(SUPPLIED INFORMATION Opens)

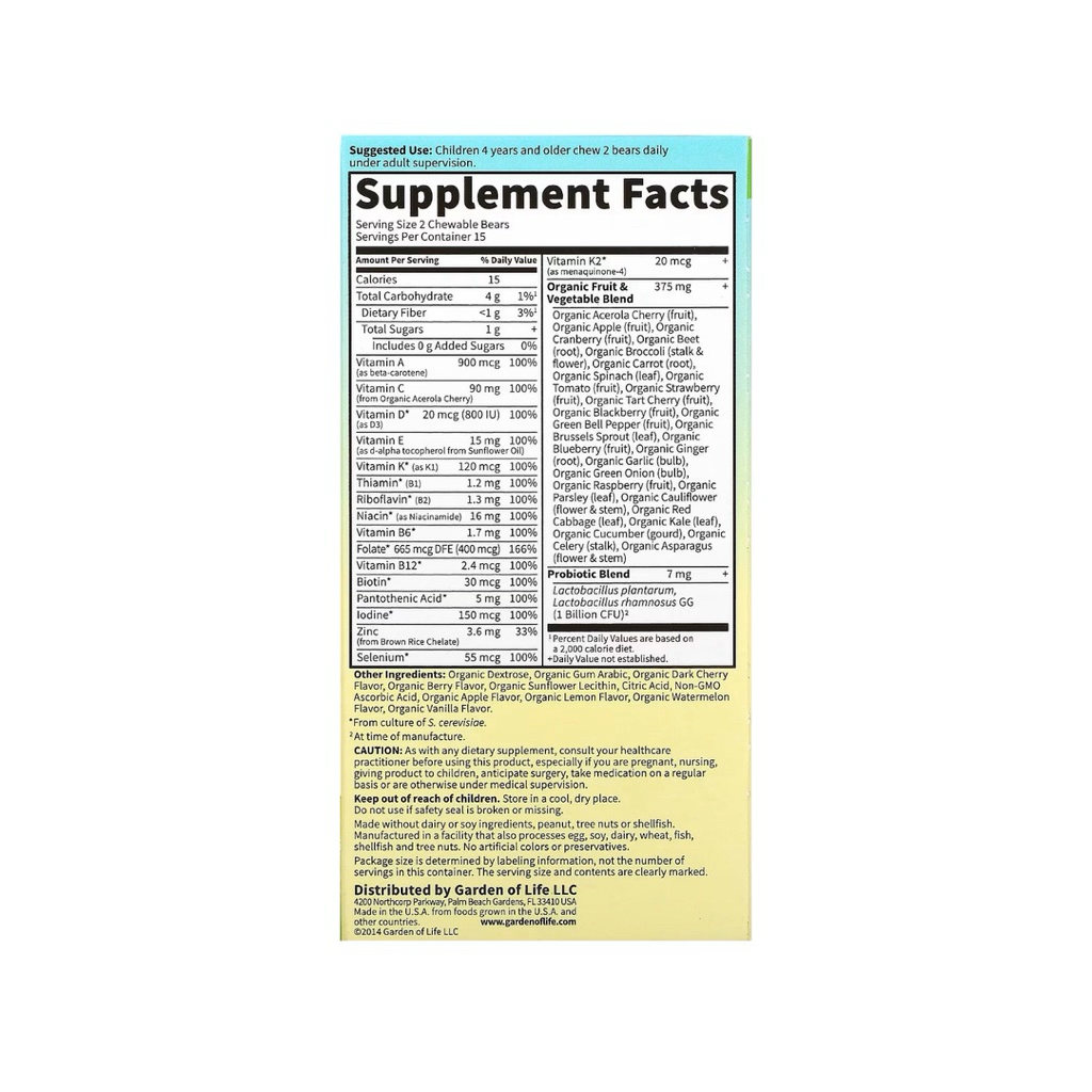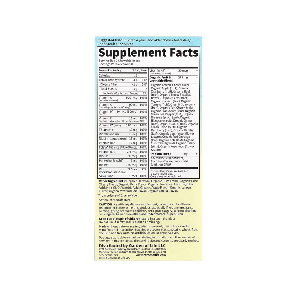 Garden of Life Vitamin e Kids Multivitamin for Kids Cherry Berry 30 60 Chewables Bears
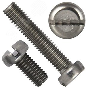 Винт с цилиндрической головкой и плоским (прямым) шлицем класса точности А с номинальным диаметром резьбы от М1 до М10. Устанавливается как самостоятельно, так и вместе с гайками, шайбами.
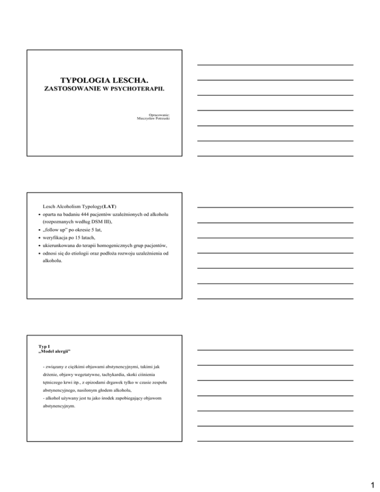 TYPOLOGIA LESCHA. ZASTOSOWANIE W PSYCHOTERAPII. Opracowanie: Mieczysław Potrzuski Lesch Alcoholism Typology(LAT) oparta na badaniu 444 pacjentów uzależnionych od alkoholu (rozpoznanych według DSM III), „follow up” po okresie 5 lat, weryfikacja po 15 latach, ukierunkowana do terapii homogenicznych grup pacjentów, odnosi się do etiologii oraz podłoża rozwoju uzależnienia od alkoholu. Typ I „Model alergii” - związany z ciężkimi objawami abstynencyjnymi, takimi jak drżenie, objawy wegetatywne, tachykardia, skoki ciśnienia tętniczego krwi itp., z epizodami drgawek tylko w czasie zespołu abstynencyjnego, nasilonym głodem alkoholu, - alkohol używany jest tu jako środek zapobiegający objawom abstynencyjnym. 1 Typ II „Model rozwiązywania problemu, Lęk” - obejmuje osoby, u których występuje niewielkie nasilenie objawów abstynencyjnych, - brak jest drgawek alkoholowych, chorób towarzyszących i tendencji samobójczych, - charakterystyczne stany lęku, - alkohol używany jako środek anksjolityczny. Typ III „Alkohol, jako lek na depresję” - z towarzyszącymi chorobami psychiatrycznymi, głęboką depresją, zaburzeniami snu, nasilonymi tendencjami samobójczymi, występującymi niezależne od intoksykacji i zespołu abstynencyjnego - alkohol używany jako środek przeciwdepresyjny. Typ IV „Alkohol jako przystosowanie” - związany z czynnikami wpływającymi na rozwój we wczesnym dzieciństwie, np. uszkodzeniami okołoporodowymi, chorobami OUN i urazami głowy przed 14 rokiem życia, - zaburzeniami zachowania w dzieciństwie (takimi jak obgryzanie paznokci lub/i moczenie nocne), padaczką czy ciężkimi zaburzeniami funkcji poznawczych. 2 TYP I - „Model alergii” ETIOLOGIA: Alkohol jako środek na AZA CEL TERAPEUTYCZNY: Całkowita abstynencja jest konieczna i wraz z zalecaną terapią relatywnie łatwo osiągalna. TERAPIA: skuteczna jest psychoterapia wspierająca, grupy samopomocy skupione na tematyce picia, np. AA. TYP II - „Model rozwiązywania problemu, Lęk” ETIOLOGIA: Alkohol redukuje lęk. Alkoholu, jako środek do „samo leczenia” w sytuacjach trudnych i konfliktowych. CEL TERAPEUTYCZNY: Ważnym celem terapii jest wzmocnienie „ja” oraz nauka właściwego ustanawiania granic interpersonalnych, dzięki czemu osiąga się z jednej strony lepsze radzenie sobie ze stresem zewnętrznym, a z drugiej strony powstaje mniej stresu subiektywnego. Wzorzec picia nie jest punktem centralnym terapii. TERAPIA: Wymaga psychoterapii ukierunkowanej na wzmocnienie ego, udziału w warsztatach tematycznie niekoniecznie związanych z piciem, skoncentrowanych na przeżywaniu emocji. TYP III - „Alkohol, jako lek na depresję” ETIOLOGIA: Alkohol służy w celu poprawy nastroju i jako środek nasenny-wpływa niekorzystnie na napęd, nastrój i strukturę snu. CEL TERAPEUTYCZNY: Zalecana jest terapia nacelowana w pracę nad cechami osobowości będącymi źródłem psychicznych obciążeń dla pacjenta. Kolejnym celem psychoterapii jest zredukowanie epizodów depresyjnych, TERAPIA: wskazana jest psychoterapia nastawiona na uzyskanie wglądu w emocje, główny cel nie ogniskuje się na piciu. 3 TYP IV - „Alkohol jako przystosowanie” ETIOLOGIA: Pacjenci, ze zmianami w OUN i ich następstwami, nie są w stanie oprzeć się społecznej presji picia alkoholu. Alkohol dodatkowo zaburza funkcje poznawcze. Znaczenie maja przede wszystkim upośledzenie umysłowe lub uszkodzenie mózgu przed czternastym rokiem życia. Pacjenci ci mają problem z radzeniem sobie w życiu codziennym oraz ze znalezieniem „powodu do życia”. CEL TERAPEUTYCZNY: Pacjenci łatwo ulegają wpływom swojego środowiska. Zdolności krytycznego myślenia są obniżone. Dlatego też nawroty są postrzegane jako część przebiegu choroby. „Celem jest przetrwanie”-wydłużenie okresów abstynencji, zmniejszenie nasilenia objawów somatycznych oraz ustrukturyzowanie dnia. TERAPIA: Psychoterapia wspierająca, nie zorientowana psychoanalitycznie. Zadaniem treningu umiejętności społecznych jest zapobieganie nawrotom. Wysoce skuteczne dla tego typu są grupy samopomocy Zabójstwa dokonane według LAT (Uniwersytet Erlangen-Nuremberg 2006). Współwystępowanie depresji według LAT (HAM-D) 4 ROZKŁAD PODTYPÓW Z PODZIAŁEM NA PŁEĆ Kobiety Mężczyźni TYP III 24,8% TYP III 12% TYP IV 11,2% TYP IV 29,6% Lesch Alcoholism Typology w ZLO w Czarnym Borze TYP ALKOHOLIZM U N I 10 4,98% II 33 16,42% III 91 45,27% IV 67 33,33% SUMA 201 100,00% % IMPLIKACJE LAT w ZLO w Czarnym Borze czynniki kulturowe, czynniki społeczne, czynniki ekonomiczne, czynniki demograficzne, model konsumpcji alkoholu. 5 Źródła: 1. Lesch O.M., Dietzel M., Musalek M. i wsp.: The course of alcoholism. Long-term prognosis in different types. Forensic Science International 1988. 2. Kiefer F., Barocka A., Secondary depresion in weaned alcoholics: Implications of Lesch’s typology of chronic alcoholism. Alcohol & Alcoholism, Vol. 34, 1999. 3. Samochowiec A., Samochowiec J., Terapia zespołu zależności alkoholowej na podstawie typologii alkoholizmu Lescha. TERAPIA, NR 1 (204), 2008. 4. Lesch O.M., Walter H., Subtypes of alcoholism and their role in therapy. Alcohol & Alcoholism, 1996. 5. Leggio L., Kenna G.A., Fenton M., Bonenfant E., Swift M.R.,Typologies of Alcohol Dependence.From Jellinek to Genetics and Beyond. Neuropsychological Review, 2008. 6.Reulbach U., Bierman T., Bleich S.i wsp.: Alcoholism and Homocide with respect to the classification systems of Lesch and Cloninger, Alcohol&Alcoholism, Vol. 42, 2007. Dziękuję za uwagę 6

(SUPPLIED INFORMATION Closes)

■ EXERCISE AIM:
Without any pictures, output exactly the lines from the start of the material through the line that contains "Винт с цилиндрической", and only those.

■ EXERCISE SOLUTION:
 Garden of Life Vitamin e Kids Multivitamin for Kids Cherry Berry 30 60 Chewables Bears
 Винт с цилиндрической головкой и плоским (прямым) шлицем класса точности А с номинальным диаметром резьбы от М1 до М10. Устанавливается как самостоятельно, так и вместе с гайками, шайбами.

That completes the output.